Assembly statistics of the Hi-C-scaffolded genome assemblies of Carex and Juncus.

	C. cristatella	C. scoparia	J. effusus	J. inflexus
No. of contigs (≥5 kbp)^a	206	984	304	223
No. of scaffolds (≥5 kbp)	35	33	361	21
No. of scaffolds (≥50 kbp)	35	33	76	21
No. of scaffolds (≥1 Mbp)	35	33	23	21
Total length	301,638,393	298,037,631	224,468,077	267,557,116
GC (%)	33.86	33.76	32.64	33.18
No. of N’s per 100 kbp	18.60	70.96	140.60	40.25
LAI	10.20	11.13	7.94	7.15

Assembly statistics before scaffolding.

Assembly statistics of the Hi-C-scaffolded genome assemblies of Carex and Juncus. Assembly statistics before scaffolding. Additional analyses indicate that the final genome assemblies for C. cristatella, C. scoparia, J. effusus, and J. inflexus are nearly complete. The sizes of the final genome assemblies for these 4 species ranged from 224 to 302 Mbp and were toward the higher genome size estimates calculated by flow cytometry and k-mer analysis (Tables 1 and 2). Illumina reads were mapped to the final genome assemblies at rates greater than 97% indicating a very high degree of completeness for all 4 genomes (Supplementary Table 3). The assemblies of all 4 species were also analyzed with BUSCO to determine gene space completeness using the BUSCO Embryophyta gene database. The BUSCO results indicate that all 4 genomes are well assembled as all species had very high complete gene scores (95.4–96.4%) and very low duplication rates (2.2–3.2%) (Table 3). The number of missing BUSCO genes in the 4 assemblies was also very low (2.6–3.2%). The 4 assemblies were also analyzed with the BUSCO Poales gene database, which was created using 11 Poaceae species and one Bromeliaceae species (Waterhouse ). The results with the Poales database were very poor with complete genes between 72.5% and 74.4% and missing genes between 22.9% and 24.6% (Supplementary Table 4). The difference in the results using these 2 BUSCO databases suggests that the reliance on only Poaceae and Bromeliaceae species in the Poales gene database does not truly represent Poales conserved single-copy genes.

Table 3.

Gene space completeness of the genome assemblies of Carex and Juncus as determined by BUSCO using the Embryophyta_db10 database (n = 1,375).
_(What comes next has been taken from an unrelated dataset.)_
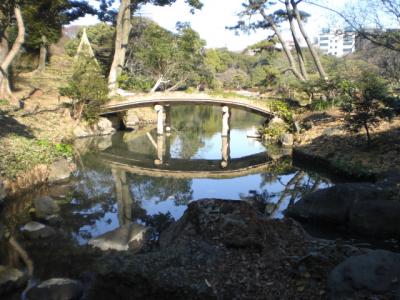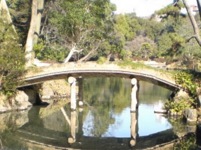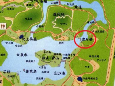 六義園の千鳥橋は、六義園中央の池を巡る橋のうち、最も西側の橋です。
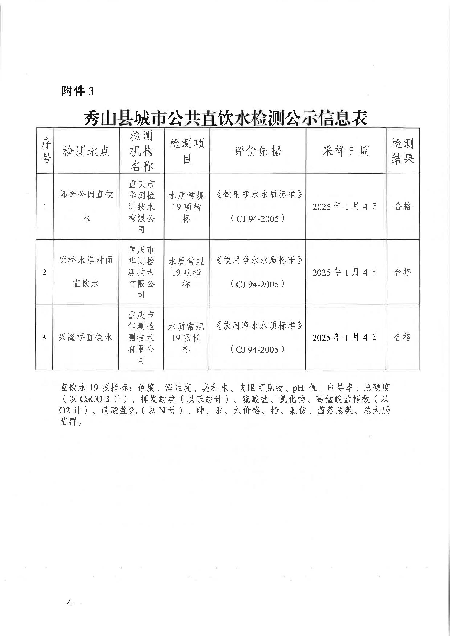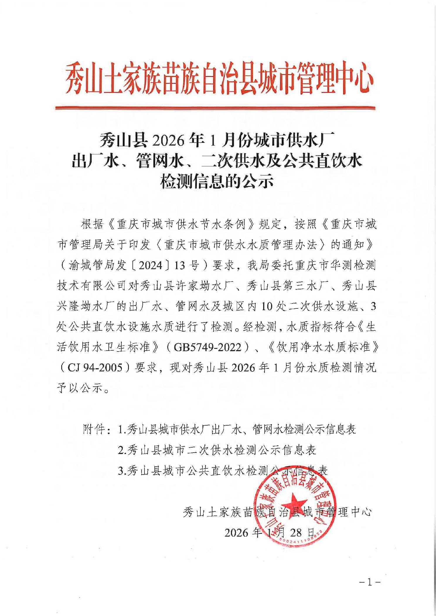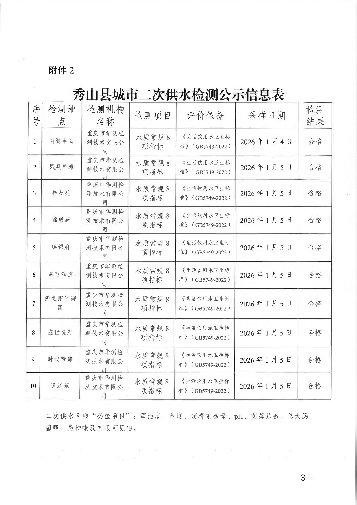 秀山县2026年1月份城市供水厂、出厂水、管网水二次供水及公共直饮水检测信息的公示

Classification	C. cristatella (%)	C. scoparia (%)	J. effusus (%)	J. inflexus (%)
Complete (C)	96.1	96.4	95.4	95.9
Complete and single-copy (S)	92.8	93.1	93.2	93.6
Complete and duplicated (D)	3.3	3.3	2.2	2.3
Fragmented (F)	0.7	0.6	2.0	1.5
Missing (M)	3.2	3.0	2.6	2.6

Gene space completeness of the genome assemblies of Carex and Juncus as determined by BUSCO using the Embryophyta_db10 database (n = 1,375). LTR assembly index (LAI) values were calculated for each assembly and were found to be moderate to low values (Table 2). While these LAI values have been characterized as representing reference or draft-grade genome assemblies, LAI scores are not only positively correlated with genome completeness, but they are also negatively correlated with percentage of LTR content in the genome (Ou ). The 4 species contain 6–16% of LTR elements, which is low compared to that in most plant genomes. All 4 of these species have relatively high amounts of tandem repeats, ranging from 3.2% to 9.5% (Table 4 and discussion below). Tandem repeats may interfere with the identification of intact LTR elements (Ou and Jiang 2018), thus resulting in apparently low LAI scores. Moreover, LAI scores have also been found to be lower for small genomes. The small sizes of these genomes, low percentage of LTR element content and high abundance of tandem repeats may be partly responsible for the low LAI scores. Other measures of assembly quality (e.g. assembly contiguity, BUSCO analysis and read remapping) indicate that these genome assemblies are excellent chromosome-scale assemblies, and so, the commonly used LAI metric for genome assembly completeness may not be a good measure for these small Carex and Juncus genomes with their high percentages of tandem repeats.

Table 4.

Fraction of repetitive sequences in the Carex and Juncus genomes involved in this study.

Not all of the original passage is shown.